WORK ORDER
Among the lines below, return each one that contains the word "this".

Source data
┄┄┄┄┄┄┄┄┄┄┄┄┄┄┄┄┄┄┄┄
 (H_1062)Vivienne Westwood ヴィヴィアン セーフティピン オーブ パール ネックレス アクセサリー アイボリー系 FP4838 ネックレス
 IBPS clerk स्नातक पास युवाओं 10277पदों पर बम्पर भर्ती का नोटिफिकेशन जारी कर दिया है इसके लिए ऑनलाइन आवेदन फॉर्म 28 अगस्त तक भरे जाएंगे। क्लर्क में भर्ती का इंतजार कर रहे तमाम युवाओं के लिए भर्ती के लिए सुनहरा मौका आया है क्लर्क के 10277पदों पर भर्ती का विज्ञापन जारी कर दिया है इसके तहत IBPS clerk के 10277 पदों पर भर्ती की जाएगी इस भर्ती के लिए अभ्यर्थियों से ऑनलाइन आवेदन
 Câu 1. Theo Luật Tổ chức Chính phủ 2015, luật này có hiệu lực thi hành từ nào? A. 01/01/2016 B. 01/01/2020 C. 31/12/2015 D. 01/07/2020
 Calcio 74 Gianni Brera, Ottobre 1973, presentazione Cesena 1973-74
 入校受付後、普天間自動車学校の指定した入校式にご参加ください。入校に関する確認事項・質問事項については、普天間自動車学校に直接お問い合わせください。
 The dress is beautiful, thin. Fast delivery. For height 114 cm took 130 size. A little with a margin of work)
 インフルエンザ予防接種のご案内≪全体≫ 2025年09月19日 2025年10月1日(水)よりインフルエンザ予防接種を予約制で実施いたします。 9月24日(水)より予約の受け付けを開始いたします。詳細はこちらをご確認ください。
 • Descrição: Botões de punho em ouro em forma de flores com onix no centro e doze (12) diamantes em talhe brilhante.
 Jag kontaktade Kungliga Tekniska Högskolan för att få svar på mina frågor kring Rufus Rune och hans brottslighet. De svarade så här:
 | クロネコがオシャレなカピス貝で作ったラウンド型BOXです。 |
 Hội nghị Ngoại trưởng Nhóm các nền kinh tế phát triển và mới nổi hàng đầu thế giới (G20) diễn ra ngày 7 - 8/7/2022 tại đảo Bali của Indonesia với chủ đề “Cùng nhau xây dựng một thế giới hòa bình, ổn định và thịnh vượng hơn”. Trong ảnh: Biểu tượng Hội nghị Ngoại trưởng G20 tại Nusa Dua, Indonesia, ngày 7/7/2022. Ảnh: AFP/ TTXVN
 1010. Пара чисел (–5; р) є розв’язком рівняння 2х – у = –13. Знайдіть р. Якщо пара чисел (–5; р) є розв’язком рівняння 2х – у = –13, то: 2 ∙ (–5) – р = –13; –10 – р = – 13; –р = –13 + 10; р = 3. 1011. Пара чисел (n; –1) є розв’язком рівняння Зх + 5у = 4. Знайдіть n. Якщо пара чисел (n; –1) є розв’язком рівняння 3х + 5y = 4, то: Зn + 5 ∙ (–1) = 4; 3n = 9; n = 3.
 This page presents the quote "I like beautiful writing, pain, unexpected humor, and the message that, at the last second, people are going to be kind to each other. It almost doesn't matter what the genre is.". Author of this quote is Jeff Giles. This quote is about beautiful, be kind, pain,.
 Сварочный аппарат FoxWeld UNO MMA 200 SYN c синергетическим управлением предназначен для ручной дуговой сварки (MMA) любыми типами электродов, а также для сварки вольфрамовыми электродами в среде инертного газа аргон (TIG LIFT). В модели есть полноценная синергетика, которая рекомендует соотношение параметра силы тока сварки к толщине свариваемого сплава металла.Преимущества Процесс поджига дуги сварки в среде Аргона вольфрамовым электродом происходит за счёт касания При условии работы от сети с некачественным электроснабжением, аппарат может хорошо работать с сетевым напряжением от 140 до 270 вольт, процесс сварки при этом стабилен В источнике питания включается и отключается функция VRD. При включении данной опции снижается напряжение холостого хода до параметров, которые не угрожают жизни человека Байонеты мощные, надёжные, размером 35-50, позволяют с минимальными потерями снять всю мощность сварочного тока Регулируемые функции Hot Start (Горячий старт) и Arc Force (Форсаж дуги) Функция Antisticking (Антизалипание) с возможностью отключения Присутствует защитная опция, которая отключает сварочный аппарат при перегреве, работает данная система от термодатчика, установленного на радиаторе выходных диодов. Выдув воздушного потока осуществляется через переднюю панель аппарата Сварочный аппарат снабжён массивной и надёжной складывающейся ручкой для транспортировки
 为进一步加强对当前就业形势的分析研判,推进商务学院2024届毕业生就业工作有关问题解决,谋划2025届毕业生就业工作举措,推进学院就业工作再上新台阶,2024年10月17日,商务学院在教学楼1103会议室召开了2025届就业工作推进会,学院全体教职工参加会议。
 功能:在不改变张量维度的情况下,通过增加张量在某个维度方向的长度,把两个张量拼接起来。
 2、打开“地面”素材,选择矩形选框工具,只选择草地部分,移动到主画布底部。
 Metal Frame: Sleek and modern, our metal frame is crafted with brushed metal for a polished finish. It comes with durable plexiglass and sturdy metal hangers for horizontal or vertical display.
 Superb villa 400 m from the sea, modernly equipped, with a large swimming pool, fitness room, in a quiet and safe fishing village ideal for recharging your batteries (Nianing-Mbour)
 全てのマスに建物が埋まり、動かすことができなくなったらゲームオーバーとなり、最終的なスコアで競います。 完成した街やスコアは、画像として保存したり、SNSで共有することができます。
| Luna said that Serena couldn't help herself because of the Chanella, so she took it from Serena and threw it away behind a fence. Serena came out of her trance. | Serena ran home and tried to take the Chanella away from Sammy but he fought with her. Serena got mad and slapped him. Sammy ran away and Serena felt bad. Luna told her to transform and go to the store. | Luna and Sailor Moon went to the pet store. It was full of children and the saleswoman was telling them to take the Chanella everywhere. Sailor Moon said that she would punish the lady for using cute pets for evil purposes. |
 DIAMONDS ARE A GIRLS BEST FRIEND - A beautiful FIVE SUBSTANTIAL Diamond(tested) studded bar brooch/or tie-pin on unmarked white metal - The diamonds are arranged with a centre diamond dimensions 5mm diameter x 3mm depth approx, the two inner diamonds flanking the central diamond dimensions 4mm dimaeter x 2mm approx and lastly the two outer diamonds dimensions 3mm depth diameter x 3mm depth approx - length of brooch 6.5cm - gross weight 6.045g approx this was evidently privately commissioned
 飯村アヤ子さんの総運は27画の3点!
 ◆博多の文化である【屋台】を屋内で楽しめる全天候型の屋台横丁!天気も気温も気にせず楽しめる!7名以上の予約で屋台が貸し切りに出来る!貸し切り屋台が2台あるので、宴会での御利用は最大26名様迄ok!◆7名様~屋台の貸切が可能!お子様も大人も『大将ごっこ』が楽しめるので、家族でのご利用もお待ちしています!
┄┄┄┄┄┄┄┄┄┄┄┄┄┄┄┄┄┄┄┄
EXPECTED OUTPUT
 This page presents the quote "I like beautiful writing, pain, unexpected humor, and the message that, at the last second, people are going to be kind to each other. It almost doesn't matter what the genre is.". Author of this quote is Jeff Giles. This quote is about beautiful, be kind, pain,.
 DIAMONDS ARE A GIRLS BEST FRIEND - A beautiful FIVE SUBSTANTIAL Diamond(tested) studded bar brooch/or tie-pin on unmarked white metal - The diamonds are arranged with a centre diamond dimensions 5mm diameter x 3mm depth approx, the two inner diamonds flanking the central diamond dimensions 4mm dimaeter x 2mm approx and lastly the two outer diamonds dimensions 3mm depth diameter x 3mm depth approx - length of brooch 6.5cm - gross weight 6.045g approx this was evidently privately commissioned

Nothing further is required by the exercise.